**TASK ITEM**
Go through the listing and pick out each line with the word "attention" in it.

Segment Open

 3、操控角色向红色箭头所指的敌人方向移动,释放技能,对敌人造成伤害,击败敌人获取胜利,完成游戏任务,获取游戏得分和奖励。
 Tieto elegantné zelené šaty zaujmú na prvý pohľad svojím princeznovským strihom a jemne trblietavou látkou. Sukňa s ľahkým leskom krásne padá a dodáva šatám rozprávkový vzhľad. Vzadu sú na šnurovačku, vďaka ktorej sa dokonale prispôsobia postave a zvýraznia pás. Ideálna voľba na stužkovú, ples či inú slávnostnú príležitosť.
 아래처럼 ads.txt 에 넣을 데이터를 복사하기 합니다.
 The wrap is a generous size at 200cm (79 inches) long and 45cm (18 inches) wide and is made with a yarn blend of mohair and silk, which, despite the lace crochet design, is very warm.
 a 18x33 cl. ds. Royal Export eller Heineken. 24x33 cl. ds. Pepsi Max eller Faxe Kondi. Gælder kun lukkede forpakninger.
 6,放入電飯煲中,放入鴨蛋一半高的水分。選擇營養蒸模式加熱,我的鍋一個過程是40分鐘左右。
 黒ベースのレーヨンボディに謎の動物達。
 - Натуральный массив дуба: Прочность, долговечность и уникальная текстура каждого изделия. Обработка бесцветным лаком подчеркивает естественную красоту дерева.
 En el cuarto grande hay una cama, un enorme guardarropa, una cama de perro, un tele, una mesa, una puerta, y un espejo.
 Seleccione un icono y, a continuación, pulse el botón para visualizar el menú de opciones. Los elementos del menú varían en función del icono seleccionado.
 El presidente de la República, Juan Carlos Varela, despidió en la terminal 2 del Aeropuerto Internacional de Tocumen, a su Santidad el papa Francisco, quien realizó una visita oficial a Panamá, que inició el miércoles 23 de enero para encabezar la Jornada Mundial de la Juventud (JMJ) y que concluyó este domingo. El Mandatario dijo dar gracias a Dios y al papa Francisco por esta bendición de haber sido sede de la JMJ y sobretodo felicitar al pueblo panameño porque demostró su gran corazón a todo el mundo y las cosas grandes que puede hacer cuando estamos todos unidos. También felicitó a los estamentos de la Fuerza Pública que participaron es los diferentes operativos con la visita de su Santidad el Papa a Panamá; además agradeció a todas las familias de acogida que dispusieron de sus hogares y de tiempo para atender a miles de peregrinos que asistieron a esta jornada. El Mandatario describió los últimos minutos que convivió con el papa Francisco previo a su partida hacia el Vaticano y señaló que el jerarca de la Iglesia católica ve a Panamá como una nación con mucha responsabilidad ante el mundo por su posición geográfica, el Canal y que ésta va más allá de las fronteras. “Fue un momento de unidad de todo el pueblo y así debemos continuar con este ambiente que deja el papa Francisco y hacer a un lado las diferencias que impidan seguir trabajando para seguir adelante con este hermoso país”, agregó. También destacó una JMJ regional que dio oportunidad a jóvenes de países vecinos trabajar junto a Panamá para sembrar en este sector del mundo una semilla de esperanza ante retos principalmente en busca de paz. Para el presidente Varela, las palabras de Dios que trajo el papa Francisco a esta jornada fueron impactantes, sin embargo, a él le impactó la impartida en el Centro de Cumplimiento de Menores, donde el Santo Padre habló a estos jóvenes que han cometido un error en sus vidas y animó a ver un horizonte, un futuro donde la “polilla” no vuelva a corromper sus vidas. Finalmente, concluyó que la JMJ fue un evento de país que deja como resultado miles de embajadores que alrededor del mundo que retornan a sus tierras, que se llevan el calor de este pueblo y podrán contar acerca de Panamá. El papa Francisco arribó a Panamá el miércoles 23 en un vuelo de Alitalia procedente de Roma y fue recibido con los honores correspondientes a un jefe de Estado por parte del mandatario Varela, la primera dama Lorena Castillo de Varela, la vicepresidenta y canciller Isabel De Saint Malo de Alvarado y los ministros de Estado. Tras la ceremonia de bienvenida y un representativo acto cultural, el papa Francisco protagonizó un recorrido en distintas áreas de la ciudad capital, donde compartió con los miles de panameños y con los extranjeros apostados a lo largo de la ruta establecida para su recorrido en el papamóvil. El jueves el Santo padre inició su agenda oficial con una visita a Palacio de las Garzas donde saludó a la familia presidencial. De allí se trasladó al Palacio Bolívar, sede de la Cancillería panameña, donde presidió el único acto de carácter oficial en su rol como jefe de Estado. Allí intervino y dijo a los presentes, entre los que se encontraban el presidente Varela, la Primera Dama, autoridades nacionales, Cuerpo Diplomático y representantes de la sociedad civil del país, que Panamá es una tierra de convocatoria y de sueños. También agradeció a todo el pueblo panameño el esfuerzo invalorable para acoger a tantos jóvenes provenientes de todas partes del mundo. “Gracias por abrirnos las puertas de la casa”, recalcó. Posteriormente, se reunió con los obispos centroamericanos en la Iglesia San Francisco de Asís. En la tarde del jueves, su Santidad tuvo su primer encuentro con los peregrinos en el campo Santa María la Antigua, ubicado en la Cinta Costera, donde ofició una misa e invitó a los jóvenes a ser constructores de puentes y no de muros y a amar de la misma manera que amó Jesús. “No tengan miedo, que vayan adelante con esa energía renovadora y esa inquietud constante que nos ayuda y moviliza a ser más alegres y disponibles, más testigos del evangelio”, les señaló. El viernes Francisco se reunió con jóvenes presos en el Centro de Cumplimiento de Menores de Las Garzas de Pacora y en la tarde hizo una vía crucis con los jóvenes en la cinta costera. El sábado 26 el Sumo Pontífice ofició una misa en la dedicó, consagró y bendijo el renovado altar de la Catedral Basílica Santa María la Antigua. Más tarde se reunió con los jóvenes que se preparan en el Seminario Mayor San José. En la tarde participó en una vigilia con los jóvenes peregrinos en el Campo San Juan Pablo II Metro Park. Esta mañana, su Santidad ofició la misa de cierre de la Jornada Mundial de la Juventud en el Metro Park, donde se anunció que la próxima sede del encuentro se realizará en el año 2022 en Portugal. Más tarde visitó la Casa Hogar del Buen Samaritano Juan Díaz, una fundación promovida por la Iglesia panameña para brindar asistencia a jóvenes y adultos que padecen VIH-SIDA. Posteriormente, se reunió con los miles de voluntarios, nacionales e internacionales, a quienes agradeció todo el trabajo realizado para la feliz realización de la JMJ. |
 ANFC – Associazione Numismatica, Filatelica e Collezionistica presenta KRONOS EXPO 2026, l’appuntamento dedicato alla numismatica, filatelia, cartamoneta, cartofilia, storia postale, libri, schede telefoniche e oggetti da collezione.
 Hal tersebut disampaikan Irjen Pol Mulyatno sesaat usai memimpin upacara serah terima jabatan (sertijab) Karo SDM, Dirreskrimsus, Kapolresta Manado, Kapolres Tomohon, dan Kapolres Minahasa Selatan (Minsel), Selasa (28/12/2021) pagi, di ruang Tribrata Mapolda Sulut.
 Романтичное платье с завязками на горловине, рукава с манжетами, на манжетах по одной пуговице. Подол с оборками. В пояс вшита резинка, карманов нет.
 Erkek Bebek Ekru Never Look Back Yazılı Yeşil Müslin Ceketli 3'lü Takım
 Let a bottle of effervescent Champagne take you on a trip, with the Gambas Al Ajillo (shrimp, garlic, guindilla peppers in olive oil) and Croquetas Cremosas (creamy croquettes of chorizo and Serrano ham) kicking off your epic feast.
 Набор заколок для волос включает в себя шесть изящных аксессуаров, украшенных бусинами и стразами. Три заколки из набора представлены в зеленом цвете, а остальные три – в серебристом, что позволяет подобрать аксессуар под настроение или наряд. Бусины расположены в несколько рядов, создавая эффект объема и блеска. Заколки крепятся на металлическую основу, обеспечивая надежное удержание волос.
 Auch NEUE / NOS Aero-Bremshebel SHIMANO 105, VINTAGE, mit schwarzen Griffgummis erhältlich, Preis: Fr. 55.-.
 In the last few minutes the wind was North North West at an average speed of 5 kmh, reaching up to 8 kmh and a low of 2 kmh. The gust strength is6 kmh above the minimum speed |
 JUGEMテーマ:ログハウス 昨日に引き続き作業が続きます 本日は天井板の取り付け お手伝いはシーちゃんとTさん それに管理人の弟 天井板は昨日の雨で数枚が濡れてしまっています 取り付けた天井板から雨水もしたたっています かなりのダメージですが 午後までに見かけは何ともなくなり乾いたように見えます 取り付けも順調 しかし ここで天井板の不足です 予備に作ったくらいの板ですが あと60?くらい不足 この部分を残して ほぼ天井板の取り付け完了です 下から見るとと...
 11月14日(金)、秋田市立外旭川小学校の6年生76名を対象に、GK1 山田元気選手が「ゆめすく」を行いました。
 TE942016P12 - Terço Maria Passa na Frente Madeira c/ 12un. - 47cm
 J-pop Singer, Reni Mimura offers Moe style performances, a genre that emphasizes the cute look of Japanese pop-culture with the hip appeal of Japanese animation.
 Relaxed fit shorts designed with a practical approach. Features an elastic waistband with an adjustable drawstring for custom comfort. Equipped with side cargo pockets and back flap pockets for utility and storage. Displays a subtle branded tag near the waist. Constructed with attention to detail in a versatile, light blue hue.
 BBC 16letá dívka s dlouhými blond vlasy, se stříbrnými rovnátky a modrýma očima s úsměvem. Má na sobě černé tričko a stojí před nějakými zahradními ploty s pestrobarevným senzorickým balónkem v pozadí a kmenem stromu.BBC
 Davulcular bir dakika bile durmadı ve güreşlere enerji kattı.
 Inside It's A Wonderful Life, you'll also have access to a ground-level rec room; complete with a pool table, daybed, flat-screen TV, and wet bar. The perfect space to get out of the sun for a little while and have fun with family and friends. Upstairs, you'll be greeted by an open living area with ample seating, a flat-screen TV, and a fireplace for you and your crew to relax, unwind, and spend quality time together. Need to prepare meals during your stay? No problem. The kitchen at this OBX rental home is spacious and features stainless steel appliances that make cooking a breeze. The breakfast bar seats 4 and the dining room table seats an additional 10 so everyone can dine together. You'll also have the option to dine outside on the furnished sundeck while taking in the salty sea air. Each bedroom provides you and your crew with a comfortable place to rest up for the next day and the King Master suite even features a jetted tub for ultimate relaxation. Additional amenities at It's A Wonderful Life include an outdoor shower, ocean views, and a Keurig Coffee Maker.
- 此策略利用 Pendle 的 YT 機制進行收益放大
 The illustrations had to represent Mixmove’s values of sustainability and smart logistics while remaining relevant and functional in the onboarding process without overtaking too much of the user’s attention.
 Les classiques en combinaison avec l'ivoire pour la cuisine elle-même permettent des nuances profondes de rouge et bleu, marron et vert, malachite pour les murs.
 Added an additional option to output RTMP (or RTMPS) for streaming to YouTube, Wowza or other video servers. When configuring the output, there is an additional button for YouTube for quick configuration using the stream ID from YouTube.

Segment Closed

**ANSWER SPACE**
 Relaxed fit shorts designed with a practical approach. Features an elastic waistband with an adjustable drawstring for custom comfort. Equipped with side cargo pockets and back flap pockets for utility and storage. Displays a subtle branded tag near the waist. Constructed with attention to detail in a versatile, light blue hue.
 The illustrations had to represent Mixmove’s values of sustainability and smart logistics while remaining relevant and functional in the onboarding process without overtaking too much of the user’s attention.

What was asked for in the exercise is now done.